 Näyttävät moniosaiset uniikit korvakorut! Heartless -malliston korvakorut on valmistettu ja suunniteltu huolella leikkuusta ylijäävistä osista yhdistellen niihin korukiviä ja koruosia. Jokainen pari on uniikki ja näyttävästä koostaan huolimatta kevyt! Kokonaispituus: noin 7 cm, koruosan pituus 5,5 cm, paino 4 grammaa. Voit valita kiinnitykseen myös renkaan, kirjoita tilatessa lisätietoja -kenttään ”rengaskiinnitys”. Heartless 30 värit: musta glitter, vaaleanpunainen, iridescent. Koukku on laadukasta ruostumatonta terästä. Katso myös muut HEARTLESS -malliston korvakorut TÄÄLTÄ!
==
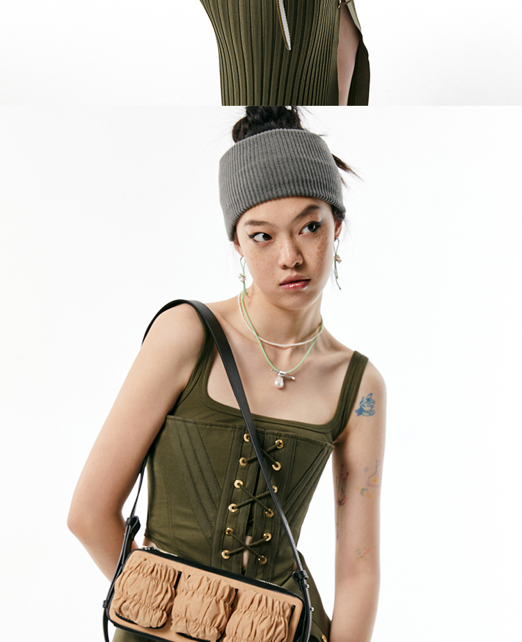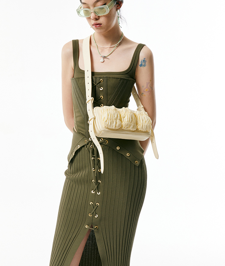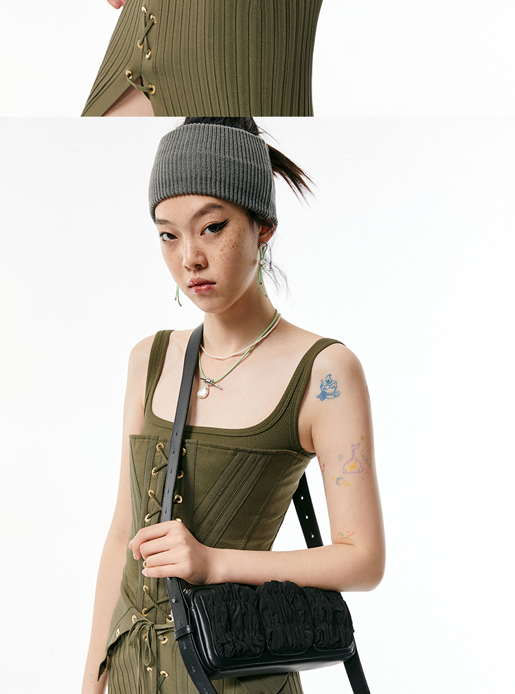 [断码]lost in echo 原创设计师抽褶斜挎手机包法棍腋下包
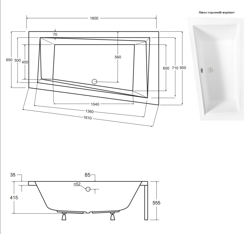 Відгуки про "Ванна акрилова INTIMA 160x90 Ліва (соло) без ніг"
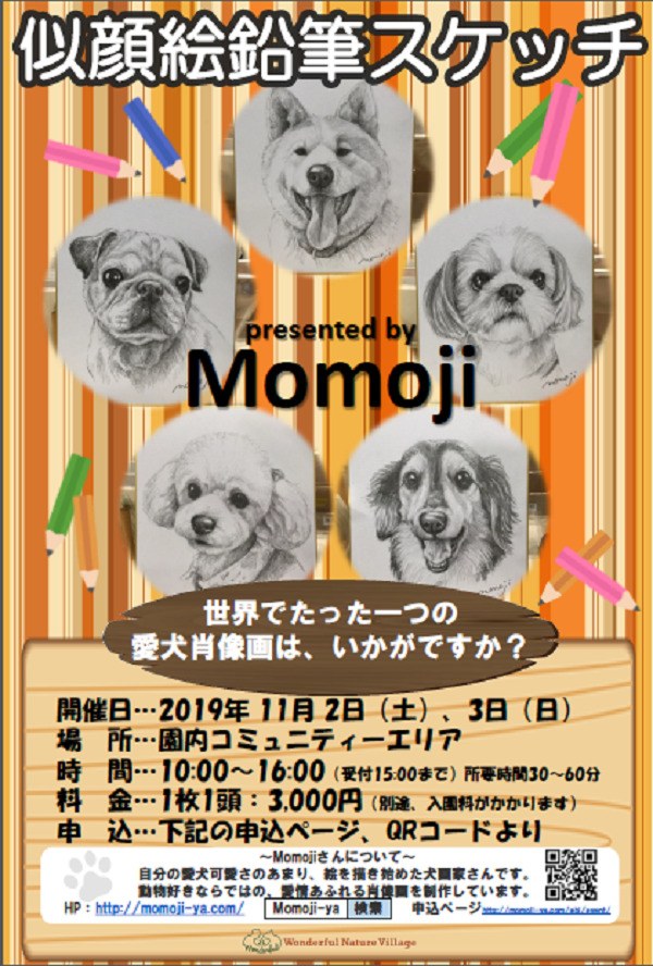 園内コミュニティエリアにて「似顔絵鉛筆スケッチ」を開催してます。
...
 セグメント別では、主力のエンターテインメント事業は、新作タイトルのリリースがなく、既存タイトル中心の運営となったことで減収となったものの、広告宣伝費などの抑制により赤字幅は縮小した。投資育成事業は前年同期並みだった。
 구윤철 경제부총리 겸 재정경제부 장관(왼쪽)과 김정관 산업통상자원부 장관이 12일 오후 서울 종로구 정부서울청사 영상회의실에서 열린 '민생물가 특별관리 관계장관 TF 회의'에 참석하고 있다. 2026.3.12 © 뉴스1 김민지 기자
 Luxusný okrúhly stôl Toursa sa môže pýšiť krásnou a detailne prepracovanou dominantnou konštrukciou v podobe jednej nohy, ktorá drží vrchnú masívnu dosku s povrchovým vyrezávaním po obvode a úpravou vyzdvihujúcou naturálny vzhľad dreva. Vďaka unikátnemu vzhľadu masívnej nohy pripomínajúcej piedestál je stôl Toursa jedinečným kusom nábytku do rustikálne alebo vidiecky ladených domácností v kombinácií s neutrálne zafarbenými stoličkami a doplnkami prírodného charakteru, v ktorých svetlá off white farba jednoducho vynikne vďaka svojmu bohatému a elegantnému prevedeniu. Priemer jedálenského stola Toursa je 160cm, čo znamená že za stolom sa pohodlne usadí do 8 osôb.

### What needs to be done
Skipping the pictures, print the lines in the listing above exactly as written, starting at the line with "акрилова INTIMA 160x90" and ending at the line with "園内コミュニティエリアにて「似顔絵鉛筆スケッチ」を開催してます。", both included.

### Exercise result
 Відгуки про "Ванна акрилова INTIMA 160x90 Ліва (соло) без ніг"
 園内コミュニティエリアにて「似顔絵鉛筆スケッチ」を開催してます。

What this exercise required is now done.